___ The data ___

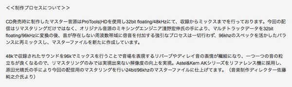 実例としては、ランティスが発売しているアニメ「ラブライブ」関連楽曲の一部は、48kHz/32bitで録音し、ハイレゾ配信向け音源の制作時にはミックスとマスタリングを96kHz/32bitで行い、そして96kHz/24bitで配信していることが、その意図(効果)と共に明示されている。なおもちろん、録音時点からより上位のフォーマットにしておくことができればそれがベストだ。ではなぜそうはせずにこのような手法を採るのか。
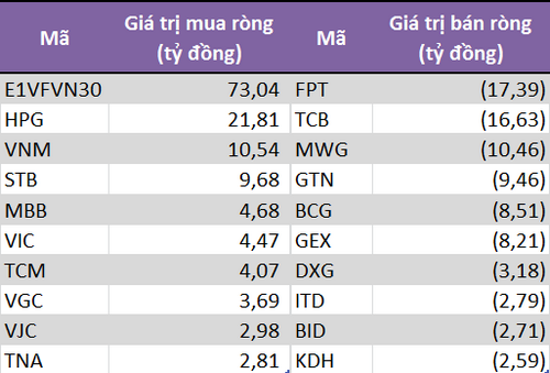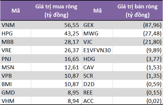 Giao dịch khối ngoại diễn ra khá tích cực khi họ mua ròng trên cả 3 sàn với tổng giá trị 55,34 tỷ đồng. Lực mua của khối ngoại tập trung vào các Bluechips như HPG (31,9 tỷ đồng), E1VFVN30 (15,15 tỷ đồ ...
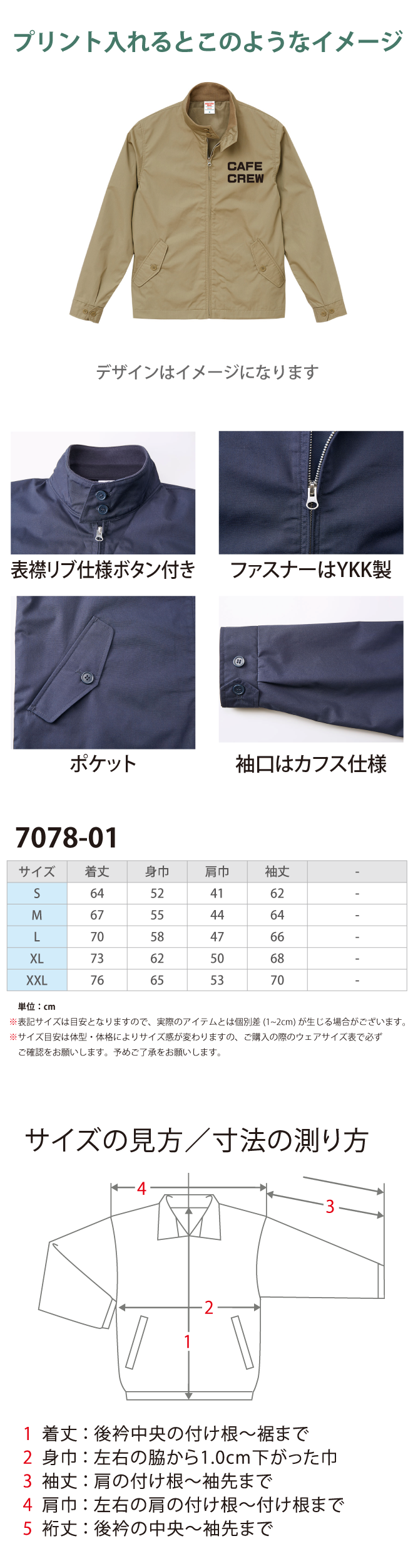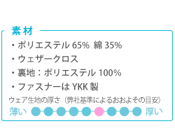 ポリエステルの耐久性と綿の快適性を適度に兼ね備え、型崩れが少ないのが魅力のT/Cウェザーを表地に使用。
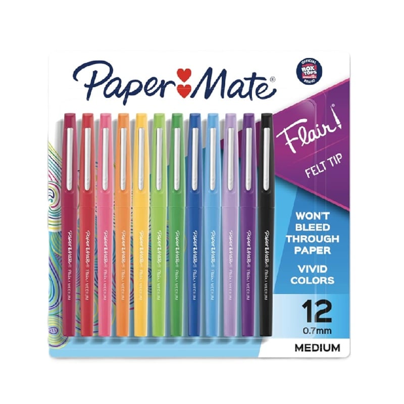 Paper Mate Flair – Rotuladores de punta de fieltro de punta media de 0.028 in, suministros escolares para profesores y estudiantes, colores surtidos, 12 unidades.
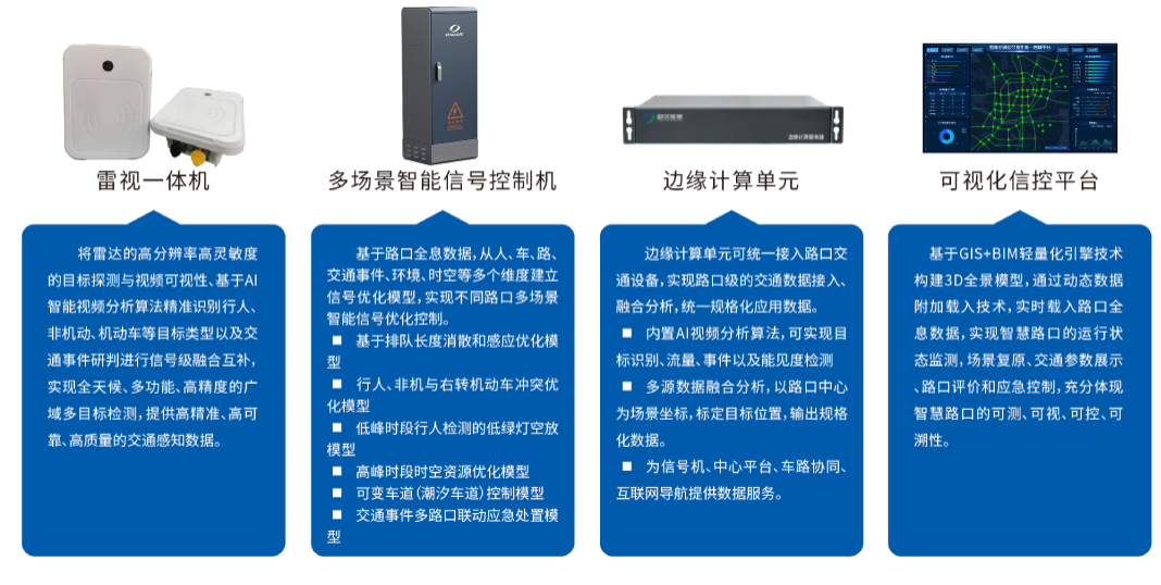 公司憑借十多年(nián)行業積累優勢,圍繞智慧路(lù)口的應用,以數據驅動爲根基,端邊路(lù)口爲切入點,探索路(lù)口的人(rén)、車、路(lù)、事(shì)件(jiàn)、環境的全息感知。公司自(zì)主研發内置AI算法的邊緣計(jì)算單元,接入雷達、視頻、雷視一體(tǐ)機(jī)等檢測設備,進行多源數據融合,打造路(lù)口全息數據孿生(shēng)底座。結合我司多場景化智能信号控制機(jī),協同虛拟與現實技術(shù)的可(kě)視化信控平台,實現路(lù)口的智能自(zì)适應控制、全息運行狀态監測、路(lù)口評價、交通參數展示、車路(lù)協同和交通管制等一體(tǐ)化智慧路(lù)口解決方案。

___

Task requirements: Set down every entry above exactly as written. Leave out all pictures.

Written solution:
 実例としては、ランティスが発売しているアニメ「ラブライブ」関連楽曲の一部は、48kHz/32bitで録音し、ハイレゾ配信向け音源の制作時にはミックスとマスタリングを96kHz/32bitで行い、そして96kHz/24bitで配信していることが、その意図(効果)と共に明示されている。なおもちろん、録音時点からより上位のフォーマットにしておくことができればそれがベストだ。ではなぜそうはせずにこのような手法を採るのか。
 Giao dịch khối ngoại diễn ra khá tích cực khi họ mua ròng trên cả 3 sàn với tổng giá trị 55,34 tỷ đồng. Lực mua của khối ngoại tập trung vào các Bluechips như HPG (31,9 tỷ đồng), E1VFVN30 (15,15 tỷ đồ ...
 ポリエステルの耐久性と綿の快適性を適度に兼ね備え、型崩れが少ないのが魅力のT/Cウェザーを表地に使用。
 Paper Mate Flair – Rotuladores de punta de fieltro de punta media de 0.028 in, suministros escolares para profesores y estudiantes, colores surtidos, 12 unidades.
 公司憑借十多年(nián)行業積累優勢,圍繞智慧路(lù)口的應用,以數據驅動爲根基,端邊路(lù)口爲切入點,探索路(lù)口的人(rén)、車、路(lù)、事(shì)件(jiàn)、環境的全息感知。公司自(zì)主研發内置AI算法的邊緣計(jì)算單元,接入雷達、視頻、雷視一體(tǐ)機(jī)等檢測設備,進行多源數據融合,打造路(lù)口全息數據孿生(shēng)底座。結合我司多場景化智能信号控制機(jī),協同虛拟與現實技術(shù)的可(kě)視化信控平台,實現路(lù)口的智能自(zì)适應控制、全息運行狀态監測、路(lù)口評價、交通參數展示、車路(lù)協同和交通管制等一體(tǐ)化智慧路(lù)口解決方案。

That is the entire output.